Florence Crannell Means was born on May 15, 1891, in Baldwinsville, New York, the daughter of Philip Wendell Crannell, a minister and author, and Fannie Eleanor Grout Crannell, a homemaker. Philip Crannell believed strongly in racial equality, and Means grew up in a home that welcomed guests of different cultural and racial backgrounds. By the time she graduated from high school, the family was living in Kansas City, where her father was president of the Kansas City Baptist Theological Seminary. She studied privately with her father for a time and then enrolled in the Henry Read School of Art in 1910. In 1912 she married Carl Bell Means, an attorney and businessman. The couple settled in Boulder, Colorado, and had a daughter, Eleanor. Means and her husband also provided financially for several children from other countries and cultures.

Means had long been interested in promoting education and harmony among ethnic groups in the United States. Her first book, cowritten with Harriet Fullen, was Rafael and Consuelo: Stories and Studies About Mexicans in the United States for Primary Children. Her first solo novel was A Candle in the Mist, based on stories of her grandparents’ pioneering days in southwest Minnesota. Means eventually wrote numerous young adult novels, many of them about teenage girls from minority cultures in the United States.

A white woman wishing to portray people of color as accurately and respectfully as possible, Means spent months living among the people she wrote about. She traveled to Mexico, San Francisco’s Chinatown, African American neighborhoods, and Indian reservations to form relationships with the people on whom she based her characters. To write Shuttered Windows, the story of an African American girl from Minneapolis who visits her grandmother on a coastal island off South Carolina, Means spent time in the Carolina low country. For The Moved-Outers, about Japanese Americans during World War II, she visited a Japanese relocation center in Colorado.

In addition to her novels, Means wrote juvenile plays and adult biographies, including one of Frederick Douglass.

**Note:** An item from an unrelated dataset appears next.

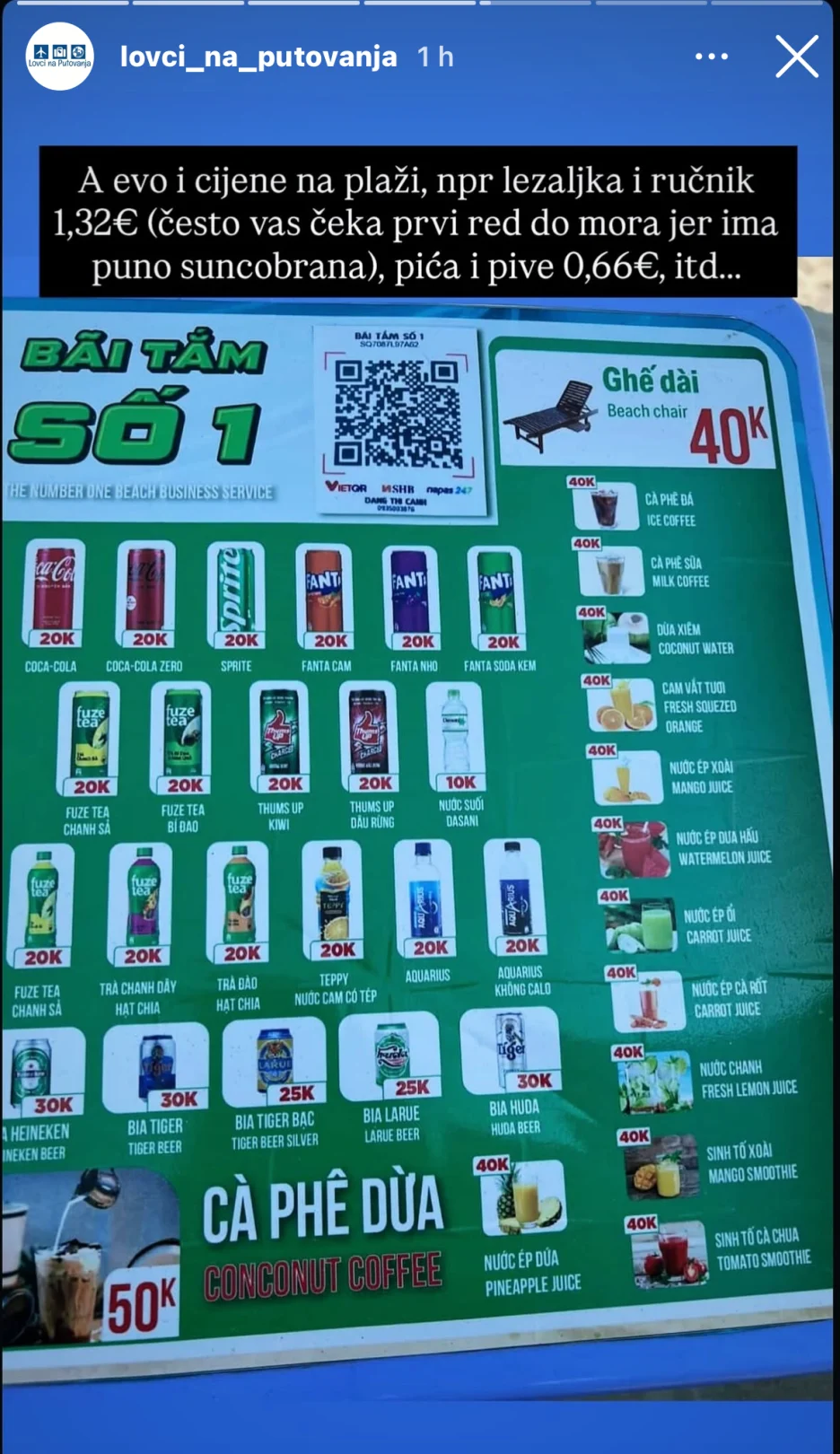 Блогерите за патување од Инстаграм профилот „Lovci na putovanja“ го споделија своето изненадување од цените во Виетнам, каде што цигарите во просек чинат 1 евро, флашираната вода чини помалку од 20 центи, а за лежалка на плажа треба да издвоите помалку од две евра.

By the 1960’s, her books started to fall out of favor as prevailing sentiment held that books about minority cultures should be written by members of those cultures. She died on November 19, 1980, in Boulder, at the age of eighty-nine.

Means believed that lessons about diversity and understanding were best directed toward young readers, whose beliefs could still be shaped by powerful reading experiences. Her books were early and appealing depictions of other cultures in the middle of the twentieth century, when few such books were available. The Moved-Outers won the Childhood Education Association’s annual award for a character-building book and was a Newbery Honor Book.